Their appeal comes a day after the IOC banned Russia from next year's Pyeongchang Winter Olympics, allowing only invited clean athletes to participate as neutrals.
"The Court of Arbitration for Sport (CAS) has registered 22 appeals filed by Russian athletes against decisions taken by the Disciplinary Commission of the International Olympic Committee," CAS said.
It said the athletes had asked CAS to rule before the start of the Feb. 9-25 Pyeongchang Olympics in South Korea.
Among those appealing are gold medalist bobsledders Aleksandr Zubkov and Dmitry Trunenkov, cross-country gold medalist Alexander Legkov and champion skeleton racer Aleksander Tretiakov.
The IOC found the athletes violated anti-doping rules as part of a wider, systematic doping effort by Russia at the Sochi Games.
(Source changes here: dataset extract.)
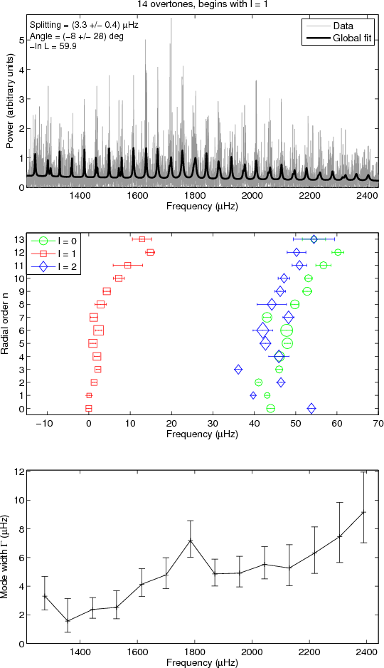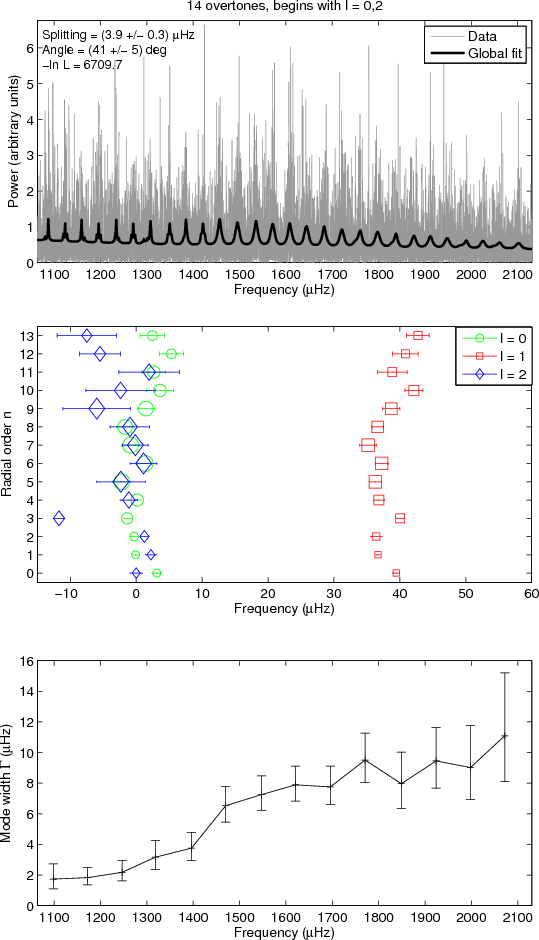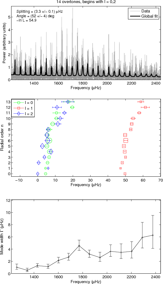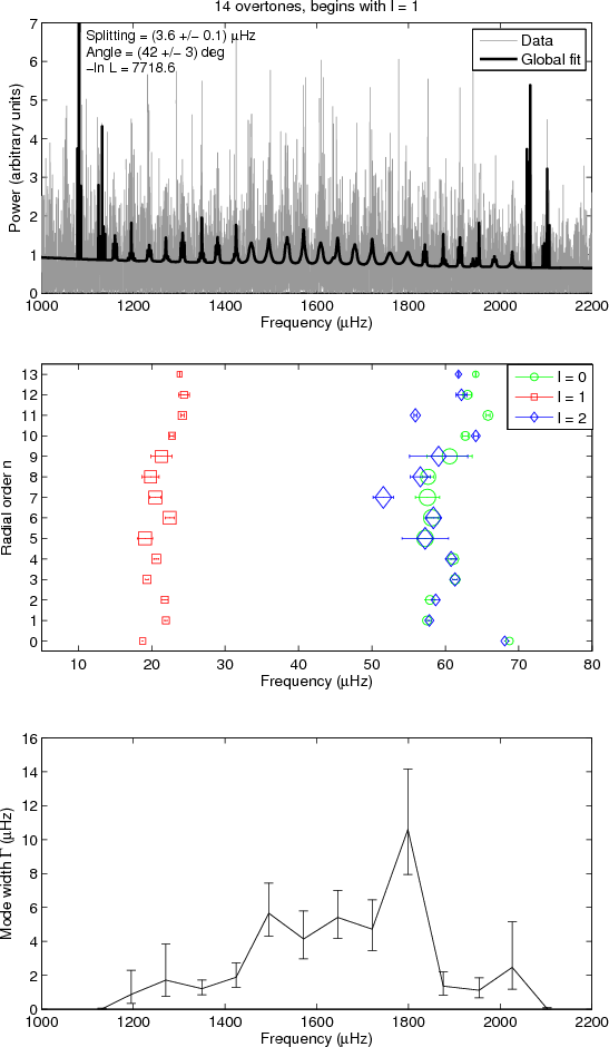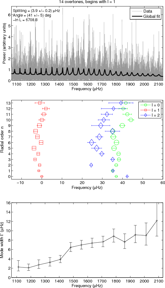 (Fig. 1) means fitting 75 parameters: 14 heights, 14 widths, 42 frequencies, a splitting, a stellar inclination, 2 stellar noise parameters (1 noise profile with a slope fixed at 2).

It barred them from the events they had competed in, confiscated all medals they had won and banned them from taking part in any future Olympic games.
Lifetime Olympic bans have been overturned at CAS in the past, with the court ruling that athletes who had been suspended for doping could not be punished again by being left out of the Olympics.
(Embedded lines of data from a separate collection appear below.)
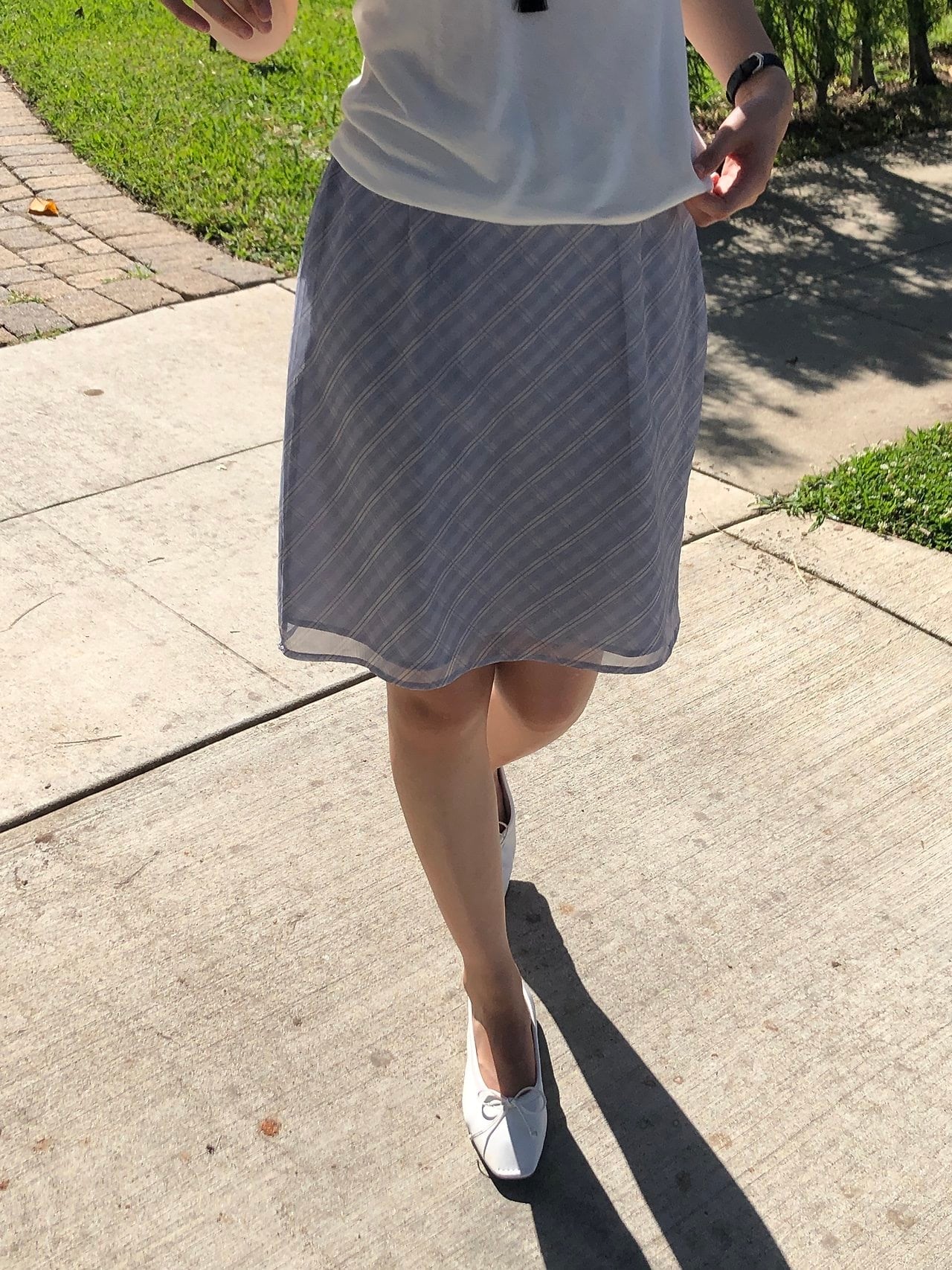薄くて軽いポリエステル素材で作られたチェックミディスカートです。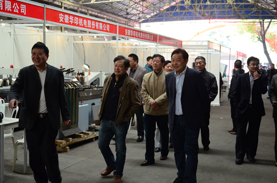 (袁國(guó)雄董事長(zhǎng)陪同湖北省印刷協(xié)會(huì)王光泰會(huì)長(zhǎng)參觀展會(huì)現(xiàn)場(chǎng))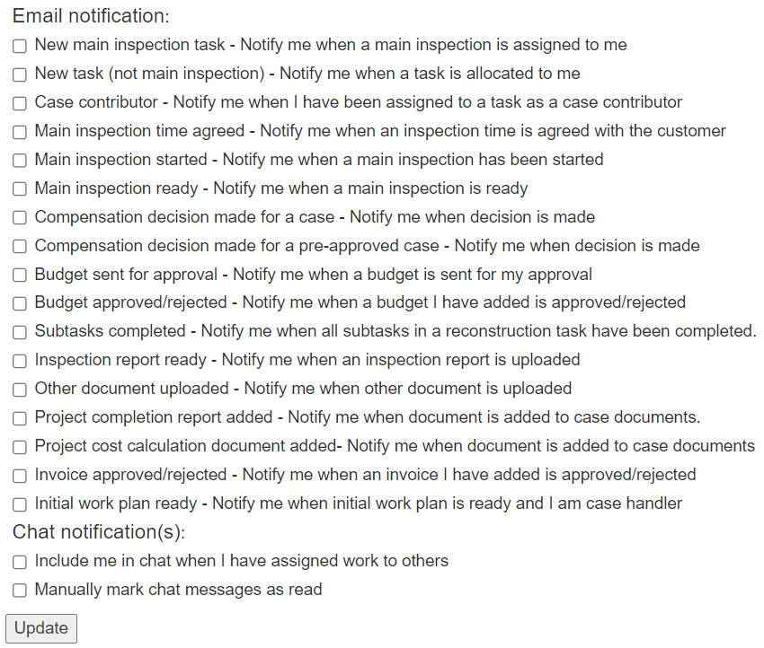 When you have clicked on Notifications, you will see all the different kinds of notifications you can decide on a personal level whether you wish to receive or not. You will find different notification settings for email notifications and for chat notifications. Each setting has a checkbox next to it, if a checkbox has been marked, you will receive a notification when the triggers for this notification have been met. If you for example have marked that you wish to receive a notification whenever you receive a new task (i.e. your user has been set as responsible for the task), then a notification will be sent to your email address when you are assigned a new task. If there are things you do not wish to receive notifications for, you just leave the boxes for these occurrences unmarked.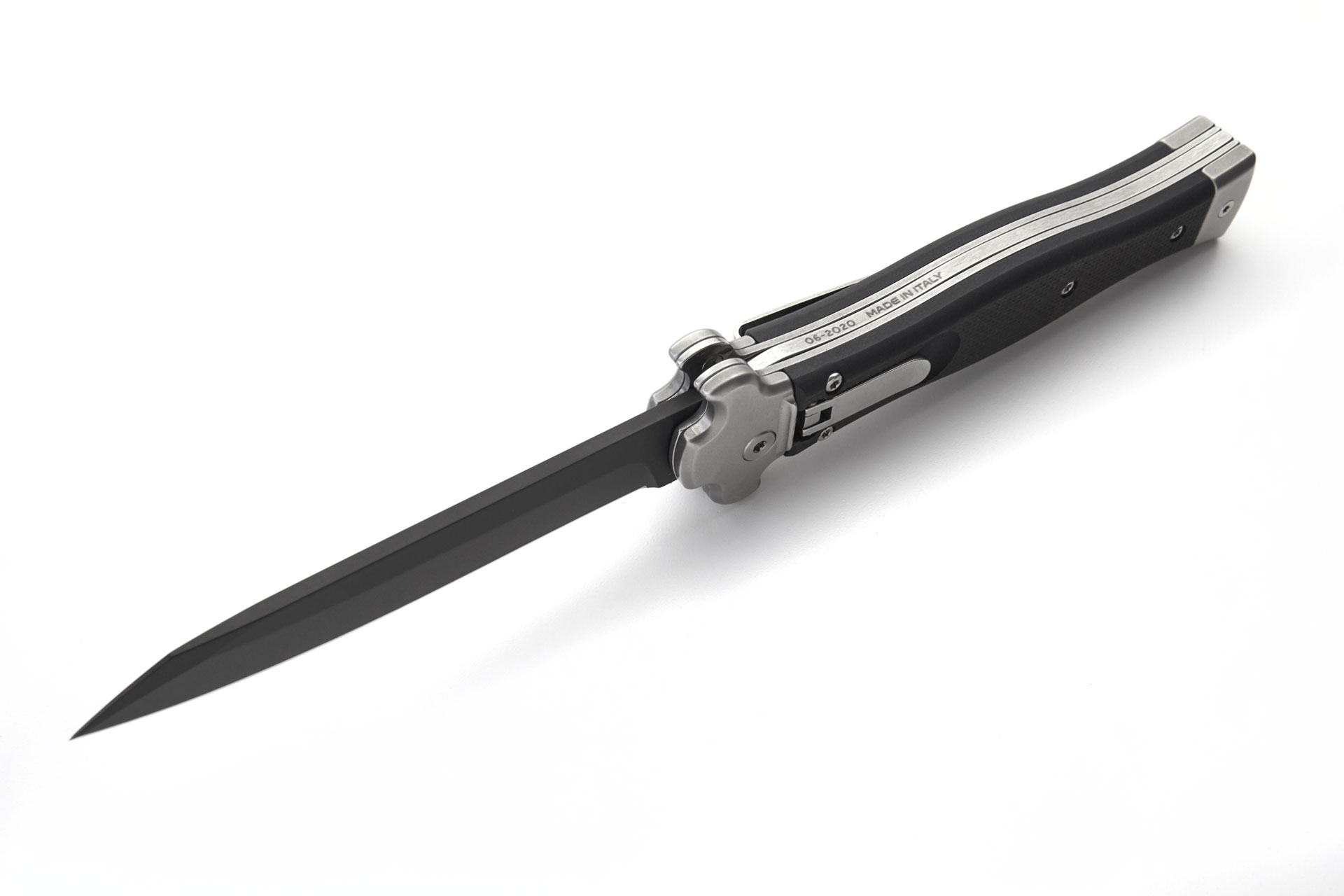 AGA Campolin Zero Plus G-10 Leverlock Automatic Knife Black Dagger. ZERO is a modern stiletto with leverlock mechanism. It has a N690Co stainless steel tanto blade with black PVD coated finish and solid steel AISI 430 glass bead blasted bolster. Double spring gives faster action and guarantees longer durability. Inverted lever for a quick opening action. The black G-10 handle with a 3d texture ensures better grip. The stainless steel pocket clip can be easily removed and substitute with a little steel shield. Overall length: 22cm - 8,7" Blade length: 10cm - 4" Blade thickness: 3.5mm - 0.14" Weight: 170g - 6oz Blade material: N690Co Stainless Steel Handle material: G-10 Made in: Italy

The 22 Russians are set to miss February's Games whatever happens, because doping violations carry bans of two to four years for first-time offenders.
Meanwhile Russian President Vladimir Putin said that Russia would not prevent its athletes from competing at the 2018 Pyeongchang Winter Olympics if they wanted to, damping down calls from some Russians for a boycott of the Games.
"Without any doubt, we will not declare a blockade, we will not prevent our Olympians from taking part (in the Games), if one of them wants to participate in a personal capacity," Putin said on state television.
In his first comments since the ban, Putin took aim at Grigory Rodchenkov, the former head of Moscow's anti-doping laboratory whose allegations of state-sponsored doping and a cover-up at the Sochi 2014 Winter Olympics triggered investigations that ultimately led to the IOC decision.
Without identifying Rodchenkov by name, Putin said the IOC's decision had been "mainly based on the testimonies of a person whose moral and ethical attitudes and psychological state raise many questions."
"Most of the accusations are based on facts that have not been proven and are largely unfounded," Putin said.
Putin said that Russia bore a share of blame for the IOC decision for having given international Olympic authorities a pretext for banning the country.
"I think that this excuse was not used in an honest way, to put it mildly," Putin said without elaborating.
He did not budge on Russia's insistence that there was no state-sponsored doping system in the country.
"Why are our Olympians being banned from competing under the Russian flag and national symbols, if there is no state support for doping? Then punish those who are guilty," Putin said.
Putin, who announced today he would run in a Russian presidential election next year, said he had not instructed officials to deliver victory for the Russian team at the Sochi Games.
The Kremlin leader said a final decision on Russia's stance regarding the IOC ban would be made at a meeting of Russian Olympic authorities in the coming days.